Hallo Leude!
Mit Spannung warteten wir auf unsere Hörerin der ersten Stunde.
Wann könnte es besser passen, Simone Ferner bei uns zu haben, als zu unserem dreijährigen Podcast-Jubiläum?
Ja, Leude, wir gehen ungebremst mit frischen Ideen ins vierte Jahr von
„1000 Gesichter plus 2“.
Dass Simone uns hört, ist nicht wirklich einem freudigen Ereignis geschuldet. Sie hätte sicher lieber niemals von uns gehört. Wir als Urgesteine in der MS Welt starteten den Podcast just, als für Simone die Welt vor Augen verschwamm. Da das nun auch drei Jahre her ist, dürfen wir sie nicht mehr Frischling nennen. Mir ist das Wort Frischling, aus der Jägersprache für junges Wildschwein bekannt, nicht sonderlich sympathisch.

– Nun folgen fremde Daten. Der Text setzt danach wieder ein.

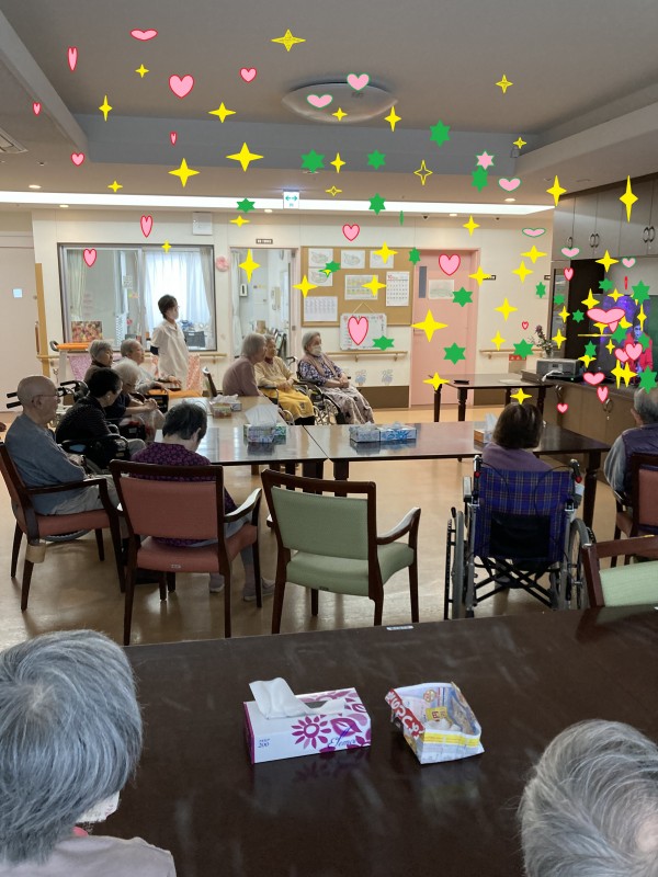 今回は「男はつらいよ」と「綾小路きみまろ」をフロアを分けて上映しました。利用者様には見たい映画を選んで頂き、見たい映画を上映しているフロアでご覧いただきました。「男はつらいよ」は特に懐かしいですね。本格的にしたいと思い、皆様にお集まりいただくホールの証明を暗くし、いつもよりも少し音量を上げてお楽しみ頂きました。今回は上記2作品の中から選んで頂きましたが、今後も皆様の見たい映画のリクエストを募集していきたいと思います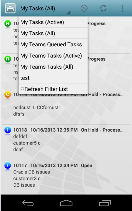 The Tasks tab appears when you first log in to the App. You can use the filter from the Tasks tab and view the following tasks displayed for a logged-in user: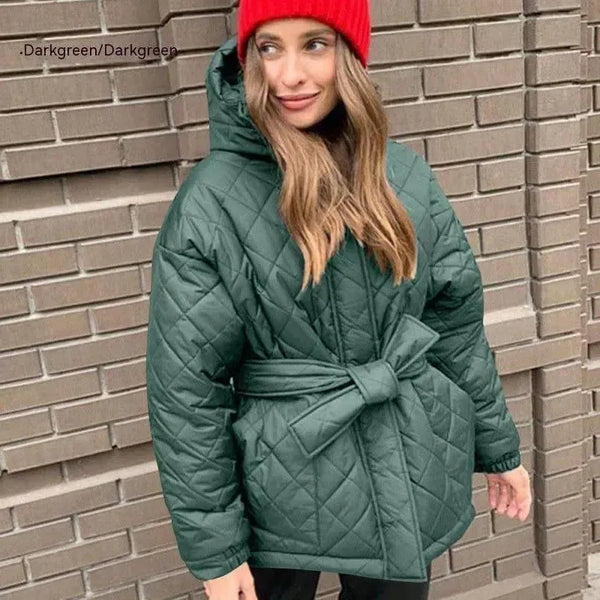 Bomullsjakke med hette Slim-fit snøring og revers med lange ermer

Egal. Simone ist nun unsere erste Gästin mit MS, die tatsächlich noch nicht lange dabei ist. Das wird total spannend, aus erster Hand zu hören, wie die moderne Medizin – die war angeblich 1992 auch total modern – heute so mit MS Erkrankten umgeht und alles viel besser gemacht hat, als zu Eddas und meinen Diagnosezeiten. Nun denn, es knisterte.

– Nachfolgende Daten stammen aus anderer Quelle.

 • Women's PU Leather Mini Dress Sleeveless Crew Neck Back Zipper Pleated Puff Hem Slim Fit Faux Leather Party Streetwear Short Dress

Tatsächlich soll besonders die Diagnostik riesige Fortschritte gemacht haben. Digitalisierung, individualisierte Medikamente und KI Steuerung heben die Medizin jetzt auf ein neues Level. Und wer profitiert? Wir, die PatientInnen profitieren in bahnbrechendem Ausmaß. Das sagt jedenfalls meine Recherche, und es hat nicht nur die Pharmaindustrie ein Loblied auf sich selbst gesungen.
Die Spannung war für mich nahezu unerträglich geworden, als das Gespräch mit Simone auf die Diagnose im Krankenhaus zusteuerte. Mindestens mal zur Zeit meiner Diagnose, muss es sich positiv abheben. Höre ich junge Menschen reden, kommt es mir vor, als habe mich damals ein Höllenmensch mit Pompfe, statt Spritze bearbeitet. Eines konnten wir gleich positiv verbuchen. Die Zeit bis zur Diagnose dauerte bei Simone lediglich ein paar Tage, trotz Pandemie. Das ist tatsächlich beachtlich. MRT Bilder schießen, Lumbalpunktion, Schachbrettmuster gucken und Nervenleitgeschwindigkeit messen, ist heute kein Hexenwerk mehr. Und zumindest bei Edda, war das Standard. Bei mir kam ein Aufenthalt im MRT noch einem Besuch beim Exorzist nah, aber ich lag auch drin. Ob man damals das auf den Bildern sah, was man heute sieht, weiß ich nicht. Eines weiß ich aber, da ich Messtechnik studiert habe. Man kann definitiv zu viel messen, was die Erkenntnis eher behindert. Höhere Auflösung bedeutet zwar mehr, aber nicht zwingend besser. Das lernt man hoffentlich heute immer noch so. Ich habe aber Zweifel.
Ich will mal nicht pingelig sein, die Maschine des Grauens ist viel geräumiger und sehr viel leiser geworden. Das ist definitiv ein Fortschritt.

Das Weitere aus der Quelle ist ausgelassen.